Our measurements on SPEC benchmarks show that GPGs are small enough to scale fully flow and context-sensitive exhaustive points-to analysis to programs as large as 158 kLoC (as compared to 35 kLoC of LFCPA [11]). We expect to scale the method to still larger programs by (a) using memoisation, and (b) constructing and applying GPGs incrementally thereby eliminating redundancies within fixed point computations.

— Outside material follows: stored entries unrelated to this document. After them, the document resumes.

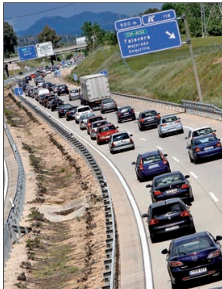
Uno de los atascos que tuvieron lugar durante la operación retorno

Sin embargo, pese a los operativos especiales de tráfico tan frecuentes en fechas como estas, la situación en las carreteras ha sido en algunos momentos complicada. Desde las 12:00 horas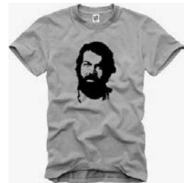
3 Bud-Spencer-T-Shirt im Che-Guevara-Style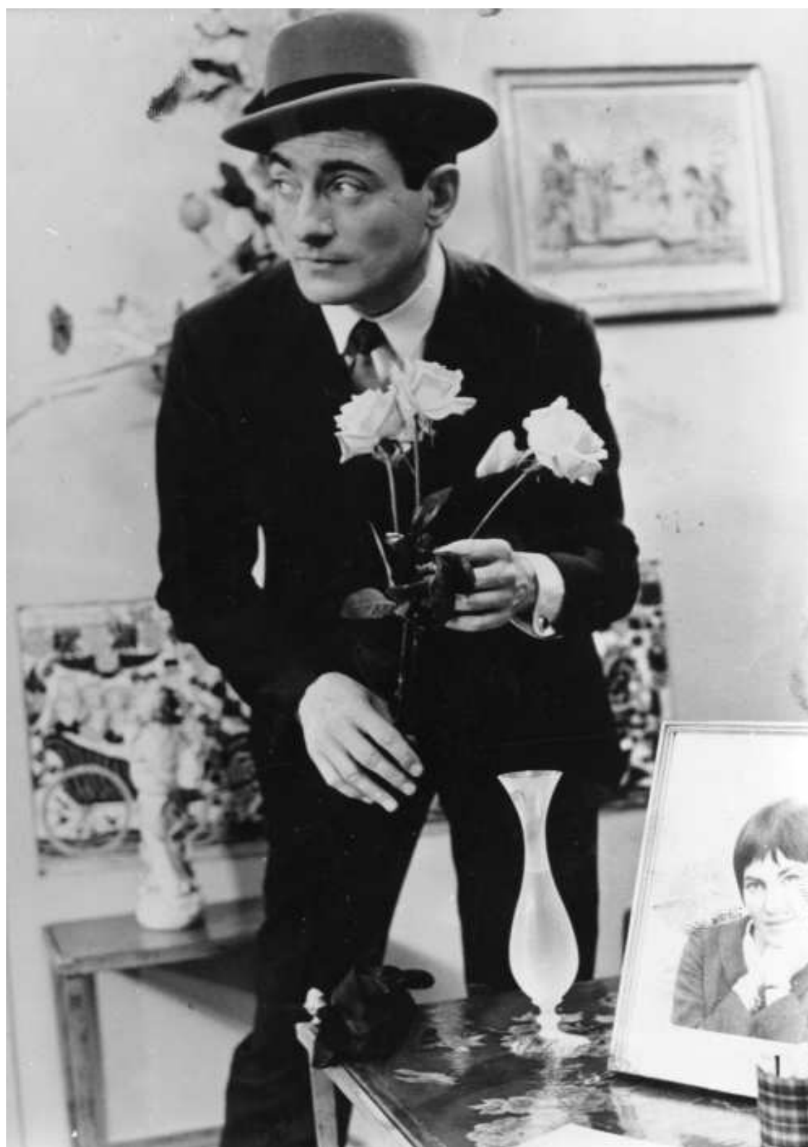
Pierre Etaix en Le Soupissant (El pretendiente) , P. Etaix, 1963)

Suscripción a la alerta del programa mensual del cine Doré en: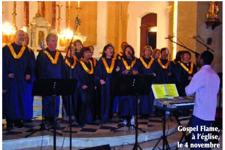
Gospel Flame, à l'église, le 4 novembre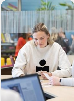
Blok 2: Interne communicatie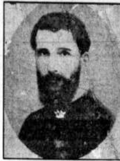
José Asunción Silva

En un día como el Silva de hoy al amanecer, dentro de una aurora pobre y opaca, los familiares de José Asunción Silva encontraron a... esdáver en el lecho, pues pocas horas antes un balazo certero lo apartó de la tragedia de su vida y lo enrumbó definitivamente hacia la inmortalidad. La obra de Silva, ya justamente apreciada y consagrada, es sin duda alguna, de las pocas que en este país —tan lírico pero tan ingrato— han logrado sobrelivir y perpetuarse. Sus libros ruedan de mano en mano, sus versos son profusamente publicados en periódicos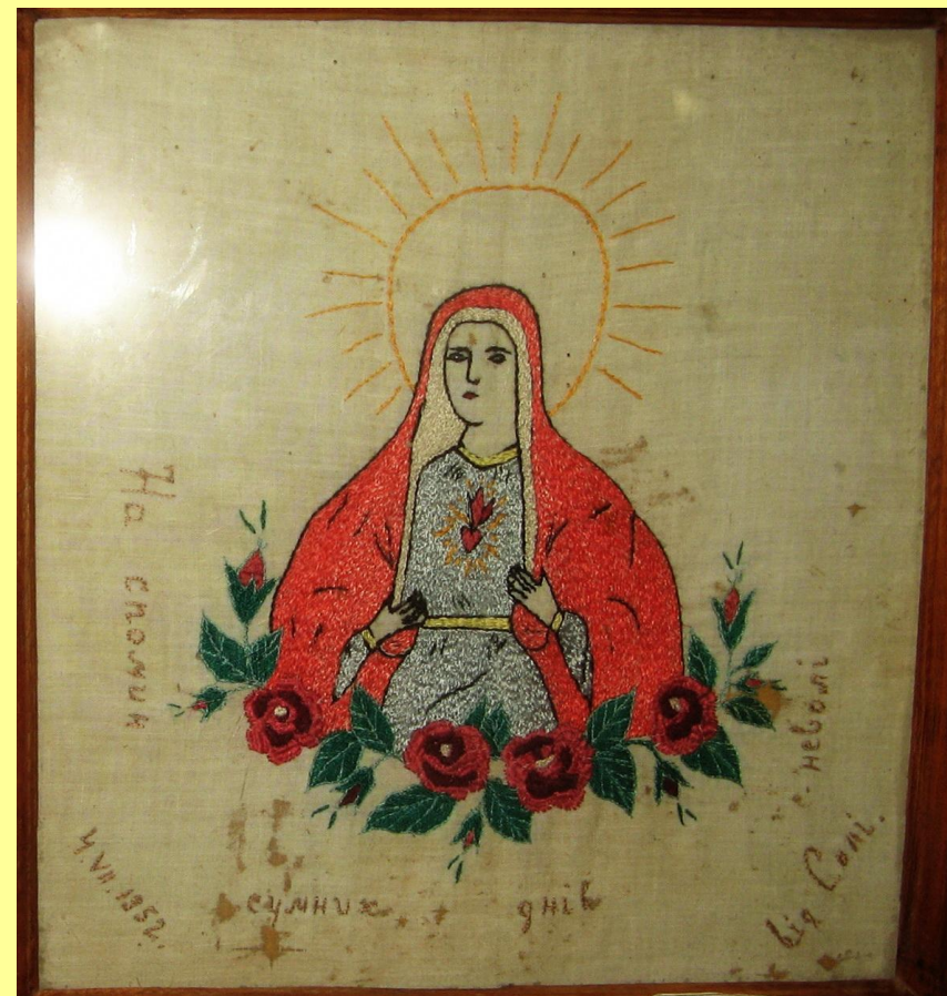
Вишита ікона «Непорочне Серце Марії». 1952 р. Напис, вишитий на іконі: «На спомин сумних днів неволі. 4.VII.1952. Музей історії м. Тисмениці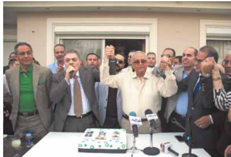
أبو شقة والبدوي أيد واحدة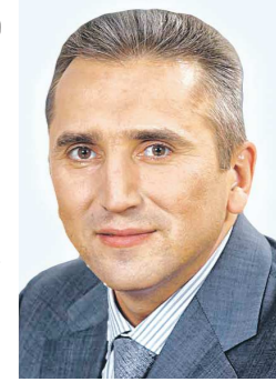
Александр МООР, губернатор Тюменской области

на открытии VII бизнес-форума «День знаний для предпринимателей» 11 сентября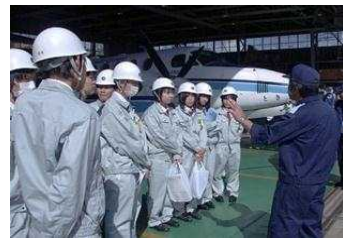
飛行機を見学している状況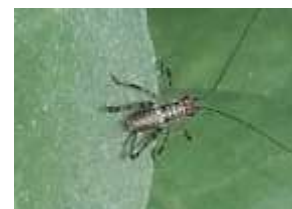
Sauterelle sur plant de tabac

Des sauterelles ont été observées dans la zone de La Fouillade (12), mais sans dégâts sur les plants.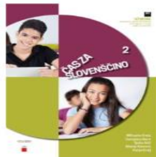
Čas za slovenščino 2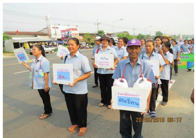
การสื่อสารประชาสัมพันธ์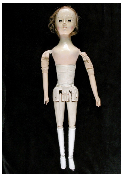
Fig. 14. Anónimo, Muñeca Pandora , 1760. Madera policromada, lino y cabello humano, altura 48,5 cm, Núm. Inv.: NT815064. Shropshire, Casa Museo Dudmaston

Los textiles para la elaboración del traje se compraron a Valverde el día 13 de abril, y ascendieron a 1766 maravedís; a razón de un corte de tafetán azul de Valencia para el verdugado (748 maravedís), otro de seda del mismo color para la saya (128 maravedís), una cuarta de tela blanca labrada de Milán para las manguillas (612 maravedís), tafetán blanco para el forro (63 maravedís), holandilla encarnada para las pestañas decorativas de la saya (62 maravedís), y dos varas de trencillas de plata de Milán para coserlas sobre dichas pestañas (153 maravedís) 77 . El vestido de la muñeca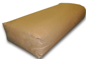
Auxiliar de filtración NANNOX P50 Producto No.: 68130010000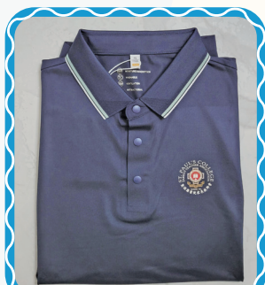
聖保羅書院家教會與英皇書院家教會 於2025年7月5日舉行聯校活動， 製作了紀念馬球襪衫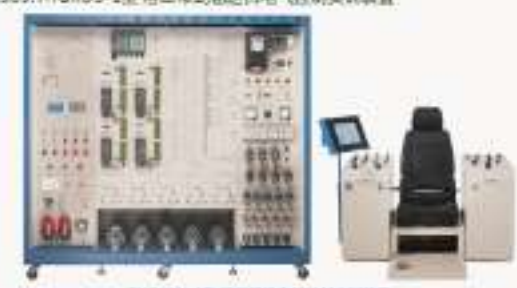
THGKMJ-1型 港口门机电气控制实训装置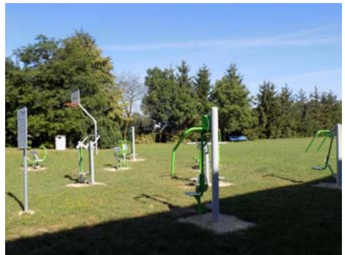
Siłownia zewnętrzna w Osmolicach Pierwszych.

Urządzenia zostały zamontowane w 2018r. Koszt zadania: 49 839,60 zł. Źródło finansowania: budżet CKiP Piotrowice.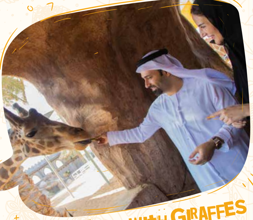
BREAKFAST WITH GIRAFFES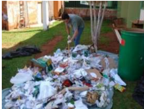
Figura 2 – Homogeneização da pilha de resíduo

Uma vez realizada a homogeneização da amostra a ser estudada, foram iniciados os ensaios, visando à coleta dos dados necessários para a pesquisa. Segundo IPT (2000), para determinação da caracterização física é necessária a análise dos seguintes aspectos: composição gravimétrica, teor de umidade e material seco, geração per capita e densidade aparente.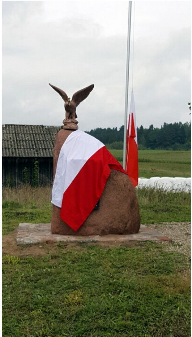
„Dni Pamięci agresji ZSRR na Polskę” - Gajrowskie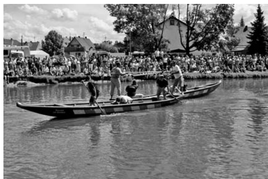
Nach einer Pause im vergangenen Jahr sind Sautrogrennen und Fischerstechen die Höhepunkte beim 42. Paarfest

Den Abschluss des 42. Paarfestes bildet am Montag der Familien- und Kindernachmittag. Er beginnt um 14.15 Uhr mit einem Kinderfestzug vom Rathaus zum Festplatz, der vom "Paartaler Fanfarenzug" begleitet wird. Um 15 Uhr ist im Festzelt das Marionettentheater der Sparkasse Ingolstadt zu Gast, gezeigt wird das Märchen von Hänsel und Gretel. Ab 19 Uhr trifft sich noch einmal alles zum fröhlichen Paarfestausklang beim Tag der Jugend mit der Partyband "Tropical Rain".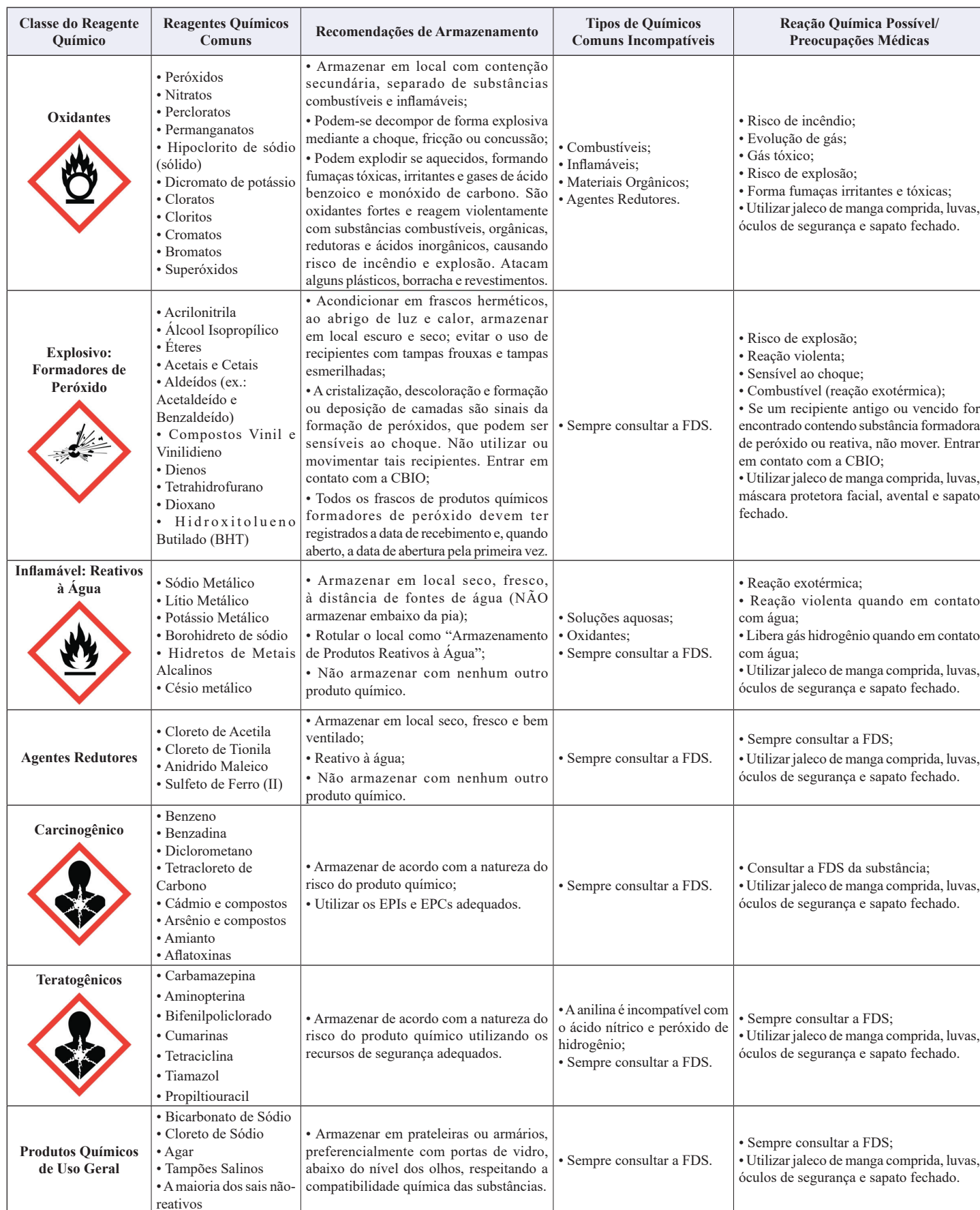
TABELA 1 - Tabela de Compatibilidade Química. - Fonte: U.S. DEPARTMENT OF HEALTH & HUMAN SERVICES. Chemical Safety Guide. 5ª edição, Bethesda, MARYLAND, U.S.A. Disponível em: < https://ors.od.nih.gov/sr/dohs/Documents/chemical-safety-guide.pdf >. Acessado em: 2 de fevereiro de 2024.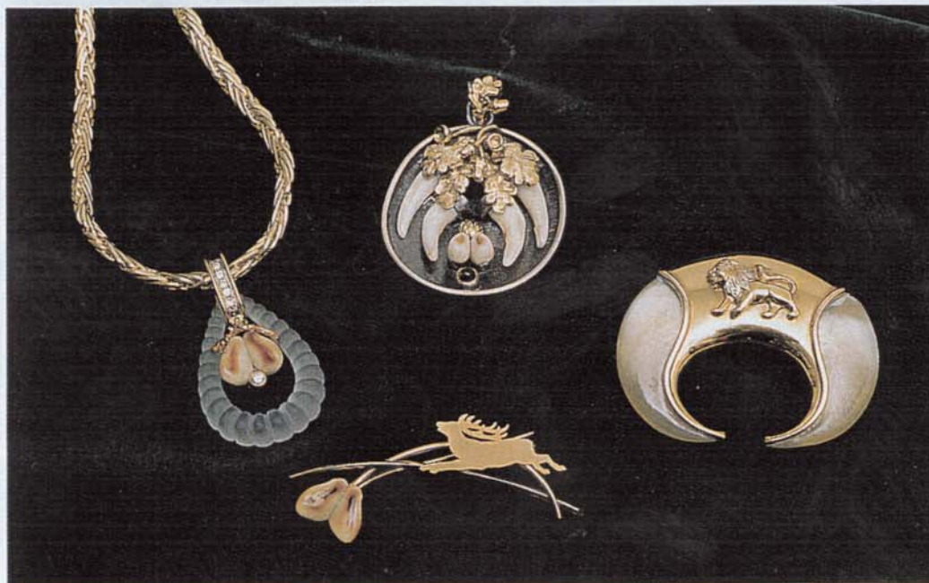
Jede Art von Trophäe, ob Löwe, Fuchs, Wolf, Bär oder Hirsch, wird individuell für den Kunden gestaltet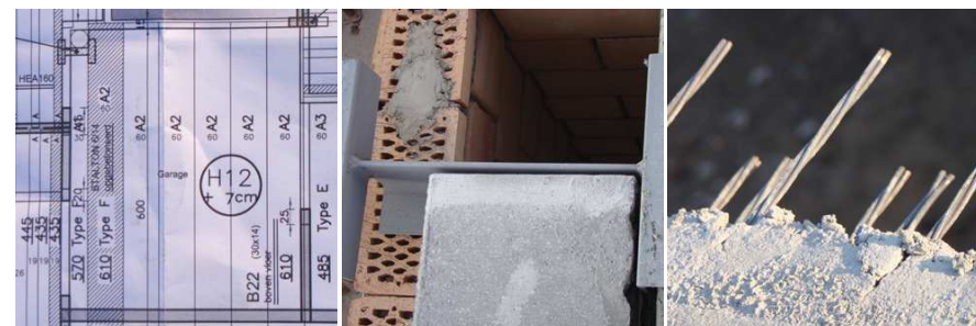
Detail van legplan

Verdunde uiteinden en opengemaakte kanalen zijn verkrijgbaar op aanvraag.

Observe that a GPG edge \({x}\!\xrightarrow {i,j}\!{y}\) in M also asserts an alias relation between \({M} ^{i} \{x\}\) and \({M} ^{j} \{y\}\) and hence GPGs generalize both points-to and alias relations.

The concept of GPG provides a useful abstraction of memory involving pointers. The way matrices represent values as well as transformations, GPGs represent memory as well as memory transformers defined in terms of loading, storing, and copying memory addresses. Any analysis that is influenced by these operations may be able to use GPGs by combining them with the original abstractions of the analysis. We plan to explore this direction in the future.